● Work instruction
Take the entries below and reproduce exactly the portion that begins at the line containing "2) Знайти потрібну" and ends at the line containing "Easily blend your", keeping both ends, dropping pictures, and adding nothing else.

● Given information
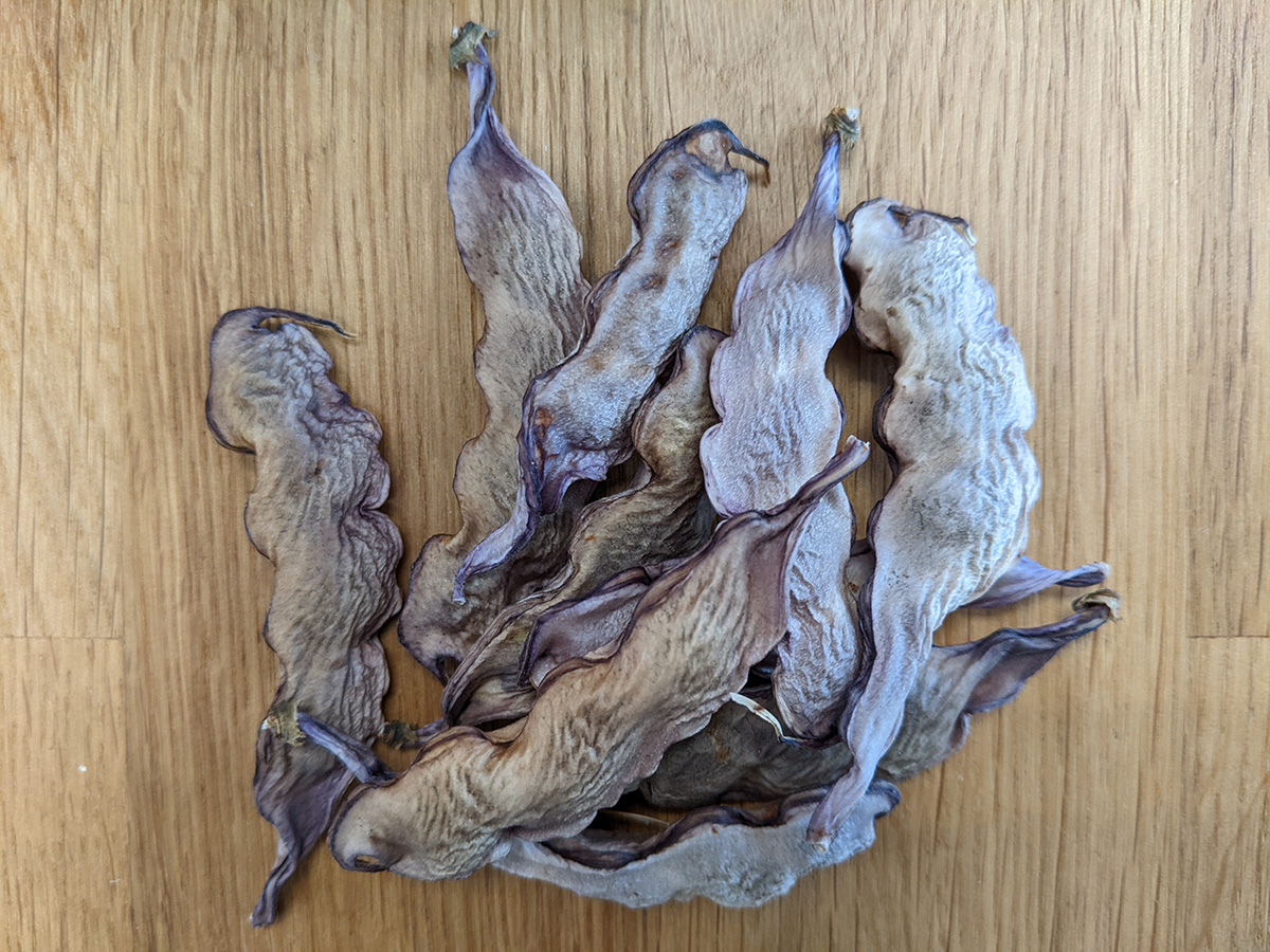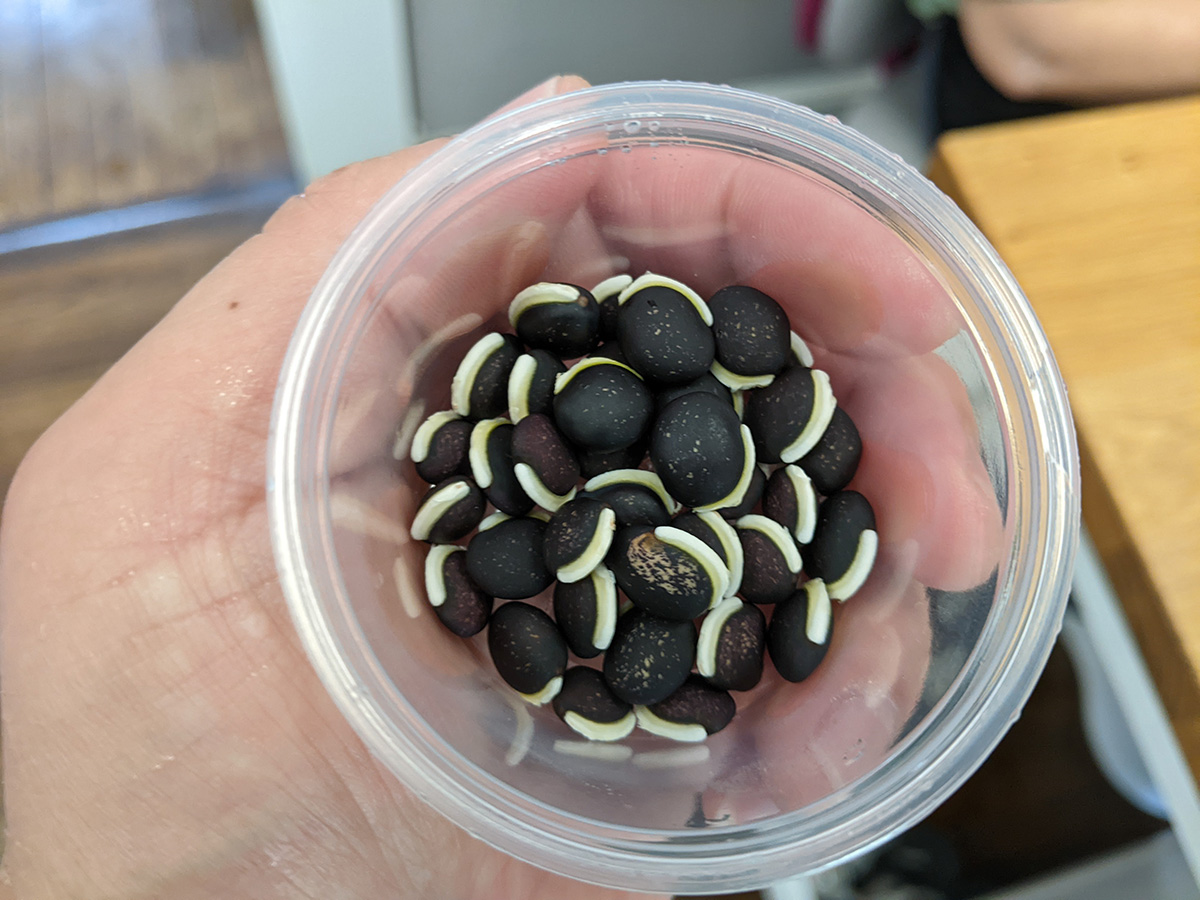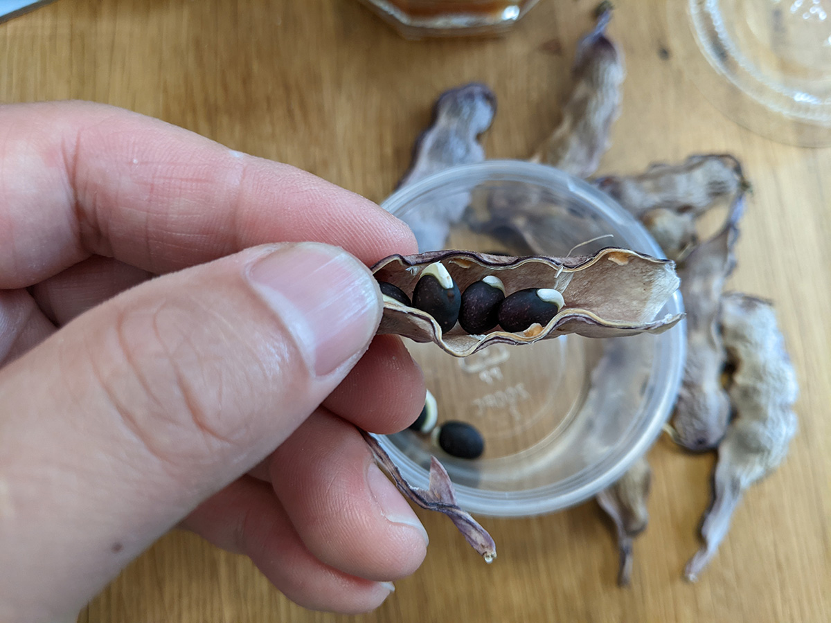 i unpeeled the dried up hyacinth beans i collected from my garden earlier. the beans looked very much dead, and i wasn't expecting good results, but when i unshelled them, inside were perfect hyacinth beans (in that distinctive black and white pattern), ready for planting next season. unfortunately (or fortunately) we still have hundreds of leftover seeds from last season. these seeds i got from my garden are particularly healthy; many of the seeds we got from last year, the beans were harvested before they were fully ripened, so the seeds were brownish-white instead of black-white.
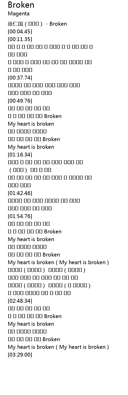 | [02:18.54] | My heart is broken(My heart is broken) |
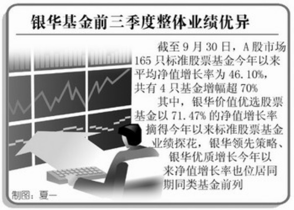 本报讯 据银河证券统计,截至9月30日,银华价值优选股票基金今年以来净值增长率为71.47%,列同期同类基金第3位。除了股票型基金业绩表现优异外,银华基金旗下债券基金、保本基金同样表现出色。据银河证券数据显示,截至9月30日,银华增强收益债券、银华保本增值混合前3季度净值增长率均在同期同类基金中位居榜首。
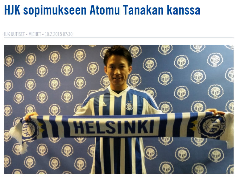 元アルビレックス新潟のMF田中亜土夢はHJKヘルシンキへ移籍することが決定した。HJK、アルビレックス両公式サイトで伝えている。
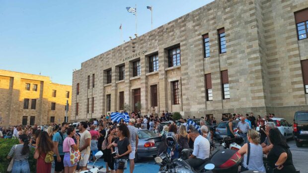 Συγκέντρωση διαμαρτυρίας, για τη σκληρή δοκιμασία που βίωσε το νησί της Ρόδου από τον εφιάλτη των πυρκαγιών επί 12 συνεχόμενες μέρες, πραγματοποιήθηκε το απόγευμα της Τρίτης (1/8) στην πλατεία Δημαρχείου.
---
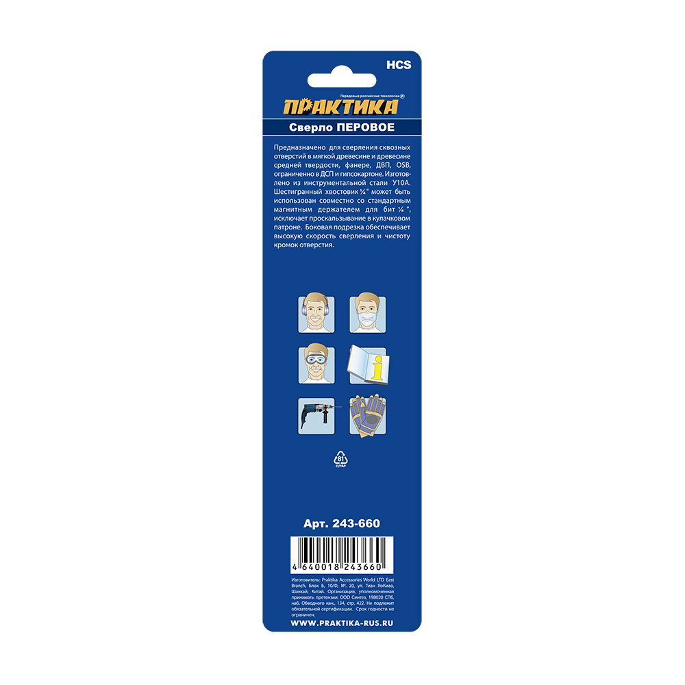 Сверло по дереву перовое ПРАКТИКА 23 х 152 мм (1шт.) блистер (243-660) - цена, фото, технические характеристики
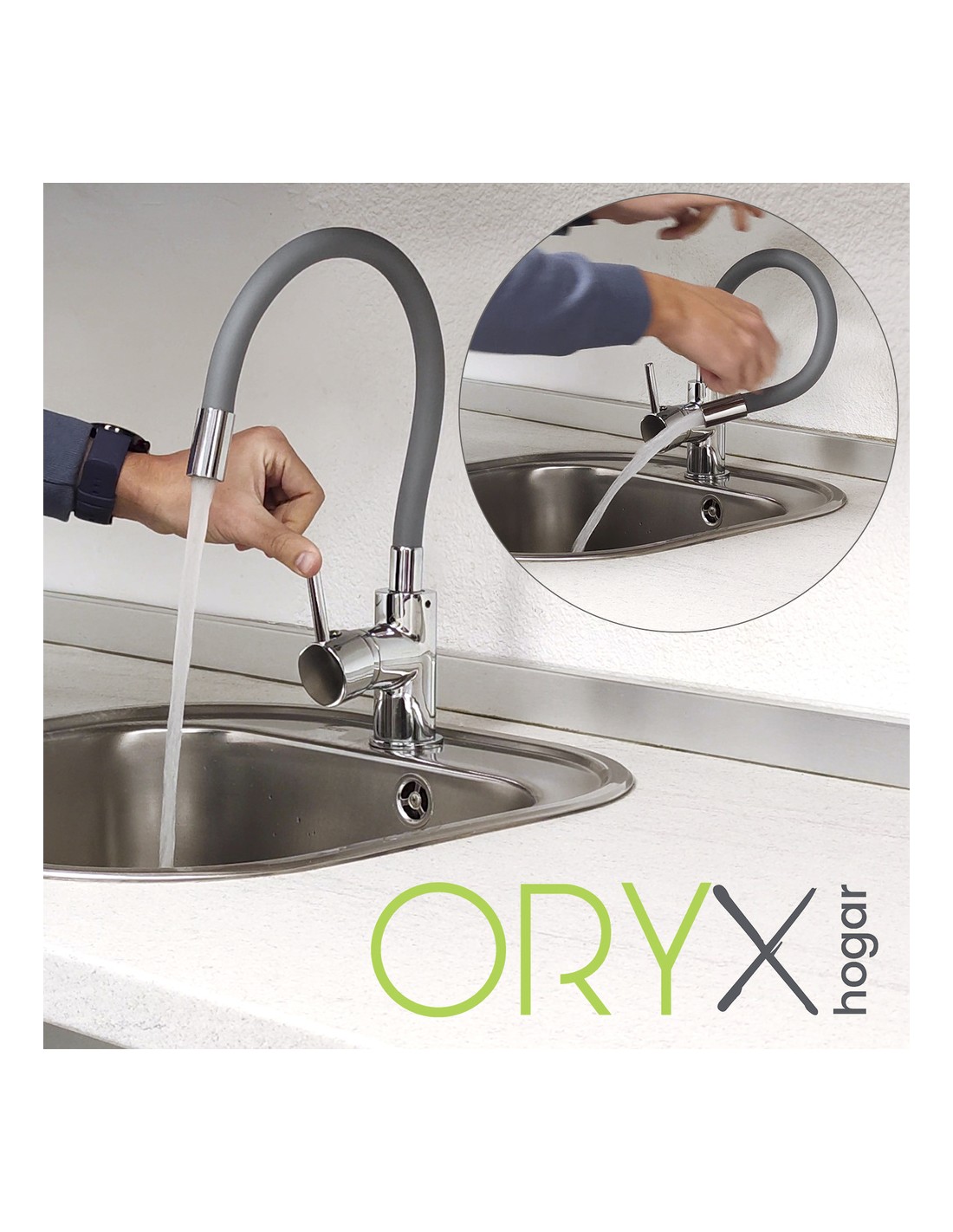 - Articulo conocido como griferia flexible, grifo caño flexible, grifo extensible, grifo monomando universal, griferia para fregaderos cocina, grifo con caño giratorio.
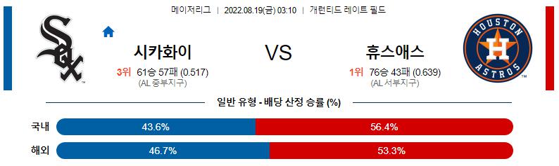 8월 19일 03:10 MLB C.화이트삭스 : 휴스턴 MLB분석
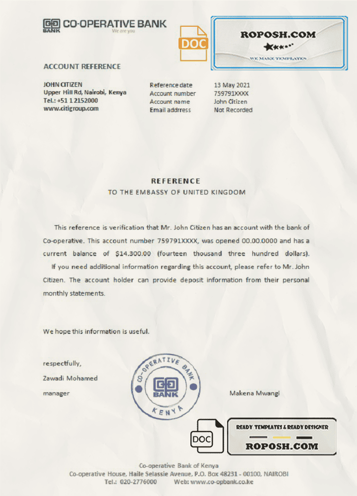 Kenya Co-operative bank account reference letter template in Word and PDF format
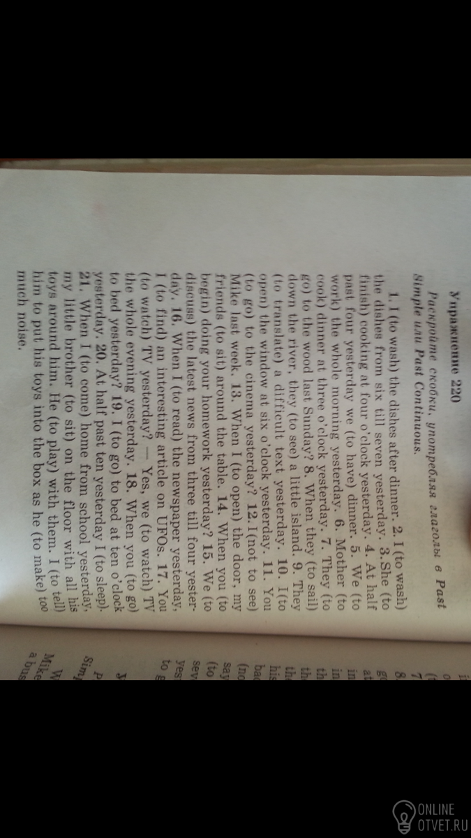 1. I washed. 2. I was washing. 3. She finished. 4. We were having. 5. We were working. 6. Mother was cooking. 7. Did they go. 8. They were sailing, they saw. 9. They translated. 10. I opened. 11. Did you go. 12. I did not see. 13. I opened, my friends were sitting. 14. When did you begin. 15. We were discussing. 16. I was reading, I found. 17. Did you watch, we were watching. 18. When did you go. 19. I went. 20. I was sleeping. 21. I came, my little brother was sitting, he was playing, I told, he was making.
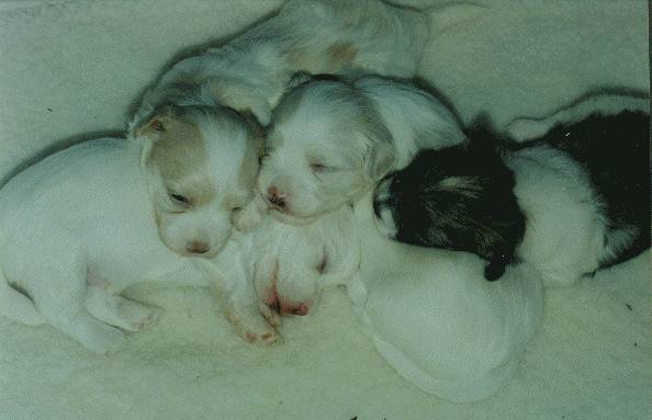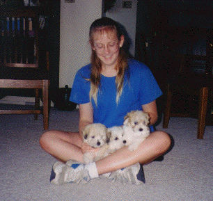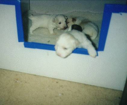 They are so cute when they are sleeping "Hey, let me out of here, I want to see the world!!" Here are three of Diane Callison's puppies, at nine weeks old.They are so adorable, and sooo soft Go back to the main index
==
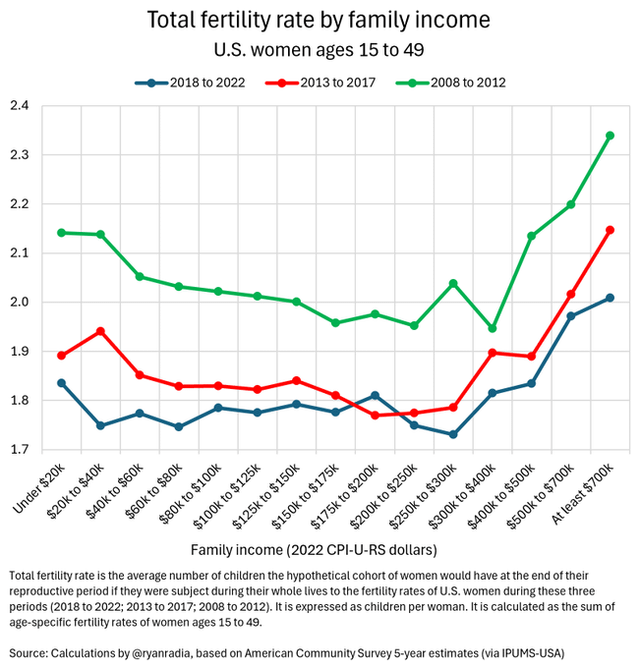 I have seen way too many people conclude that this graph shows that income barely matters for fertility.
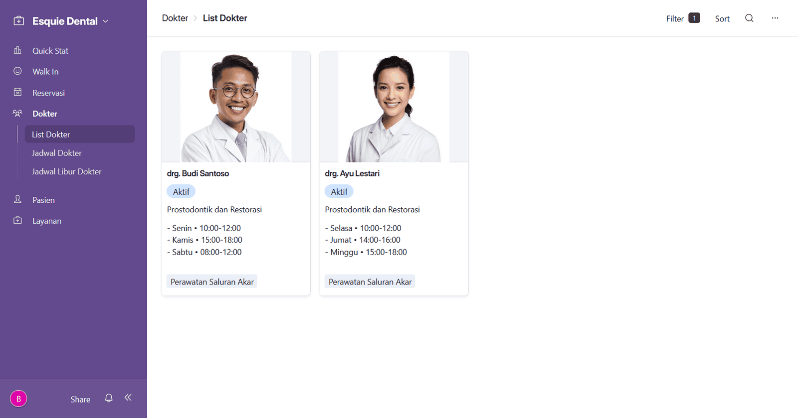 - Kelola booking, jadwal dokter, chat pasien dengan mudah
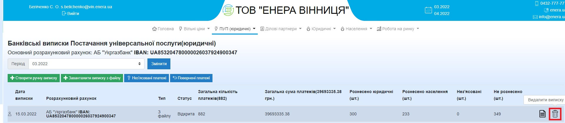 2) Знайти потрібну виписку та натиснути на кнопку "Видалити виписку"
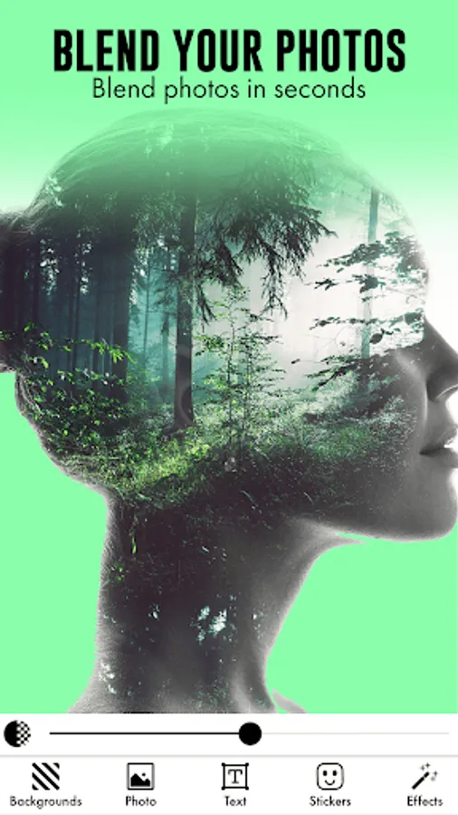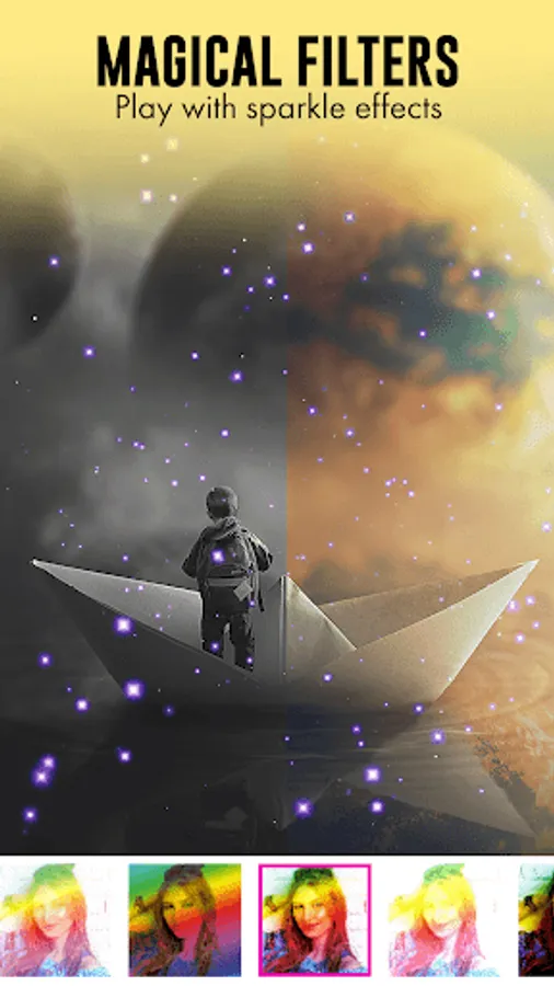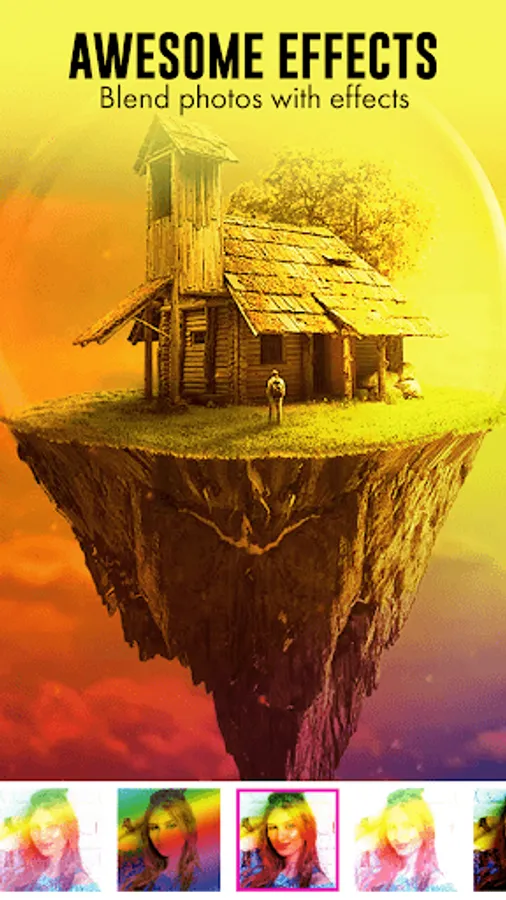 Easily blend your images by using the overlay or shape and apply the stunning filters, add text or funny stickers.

● Exercise response
 2) Знайти потрібну виписку та натиснути на кнопку "Видалити виписку"
 Easily blend your images by using the overlay or shape and apply the stunning filters, add text or funny stickers.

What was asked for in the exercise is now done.